Searching For Word Backup Files Manually

Word will automatically locate any auto-recovery files, but this only works if you’re trying to recover Word documents under normal conditions. You may, for instance, be trying to recover documents from a folder on a failed PC.

In this situation, you may need to search for Word backup files and recover them manually. Word usually places autosave documents in a hidden, temporary folder, which you can access outside of Word. The auto-recovery ASD files here can then be opened in Word as normal.

  • To do this, open Windows File Explorer. Word autorecovery files are typically saved in the C:UsersusernameAppDataLocalMicrosoftOfficeUnsavedFiles folder (replacing username with your own account username).

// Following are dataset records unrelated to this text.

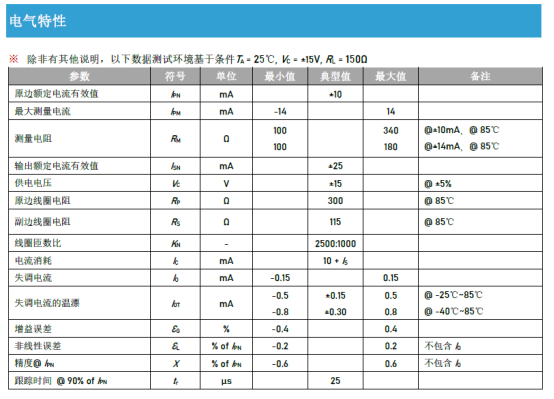 -闭环霍尔原理:高精度、优良线性、低温漂。
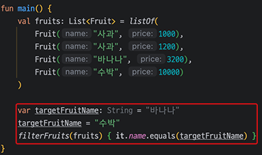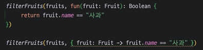파라미터에 들어가야 할 파라미터 타입 추론도 가능하기 때문에 타입 생략이 가능하고, Kotlin에서는 파라미터가 1개인 경우 It 키워드를 사용하여 다음과 같이 형태로도 변형할 수 있습니다.
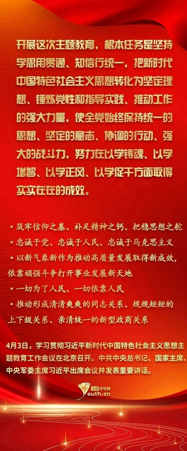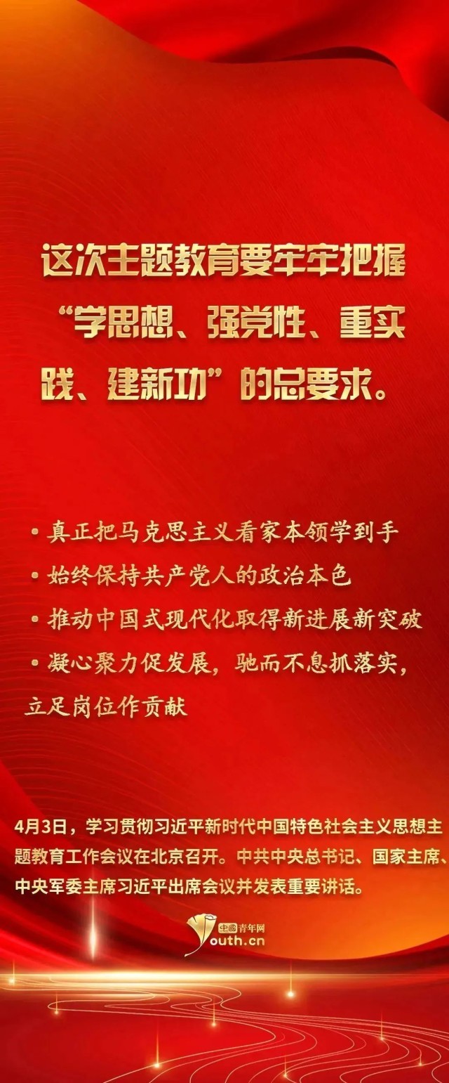 習(xí)近平新時代中國特色社會主義思想實現(xiàn)了馬克思主義中國化新的飛躍。此次開展學(xué)習(xí)貫徹習(xí)近平新時代中國特色社會主義思想主題教育,是一件事關(guān)全局的大事。廣大青年要以這次主題教育為契機,用黨的科學(xué)理論武裝頭腦,在學(xué)習(xí)習(xí)近平新時代中國特色社會主義思想中不斷筑牢信仰之基、補足精神之鈣、把穩(wěn)思想之舵。
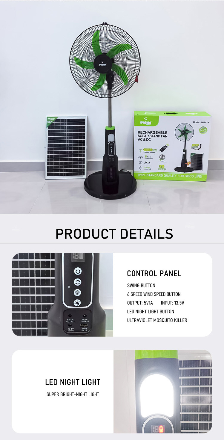IWIN 可定制LOGO颜色新款太阳能风扇可充电可灭蚊落地扇

If there are no files here, try the C:UsersusernameAppDataRoamingMicrosoftWord folder (replacing username) instead.
  • You can then move or open any of the autosave document files found here. While ASD files aren’t standard document files, Word should have no problem opening them. You may need to select Word from the How do you want to open this file? window that appears if you try to double-click an ASD file, however.
  • Once the files are opened, press File > Save As to save the file as a standard DOCX file.

Changing The Frequency Of Word Auto Recovery Saves

By default, Word should automatically save a copy of a document every 10 minutes. You can change this setting yourself to increase the frequency of these autosaves, but this will have an impact on performance for much larger documents.

  • To do this, open Word and press File > Options
  • In the Word Options box, click the Save tab. You can change the autosave frequency by changing the Save AutoRecovery information every x minutes figure, setting the x number to a lower (or higher) number. By default, this is set at 10 minutes.
  • Click OK to save.

With your autorecovery settings updated, Word should start to automatically save documents you’re editing more often. You can then recover a Word document as standard using the methods shown above.

Recovering a Corrupted Word Document

Auto-recovery is great for recovering progress you’ve made on Word documents that you weren’t able to save directly. If you want to recover a corrupted Word document that you’ve previously saved, however, you’ll need to follow different steps.

  • Start by opening Word and clicking File > Open > Browse. In the Open box, locate your corrupted Word document file. Rather than pressing Open as normal, however, press the arrow next to the Open button, then select Open and repair instead.
  • If the file is repairable, Word will attempt to do so, allowing you to recover your document. If it can’t be repaired, however, you can attempt to extract text from a document file by Recover Text from Any File as the file type, next to the File name option, then clicking Open as standard.

These steps aren’t foolproof, but if a Word document has become corrupted, you may be able to use them to repair it or extract the contents into a new document.

Using OneDrive For Document Storage

If these steps don’t work, however, you may need to brace yourself for the fact that your progress has lost and your file isn’t recoverable. While it isn’t a fix, you could use OneDrive as a save location for any future documents to help reduce this risk.

Using OneDrive doesn’t provide a guarantee that future Word documents won’t or can’t become corrupted. It may help you recover Word documents if the local file is lost or damaged, however, especially if your PC fails and you’re forced to reinstall Windows

If a hard drive fails, you can quickly load up Word files from your OneDrive cloud storage instead, saving you time.

Planning And Creating Better Documents In Microsoft Word

Knowing how to recover a Word document can help you save hours of your time, but the best fixes are the ones you put in place before you start working. Saving a file to OneDrive (or using Word Online) will help to make sure that your Word files are safe as you make changes to it, making it much easier to recover if your PC fails.

If you’ve updated to a newer version of Word, you may need to convert your Word documents to a newer document format like DOCX. DOCX files are smaller, better formatted and optimized for the latest Word releases, making it much less likely that Word will crash, especially for larger documents.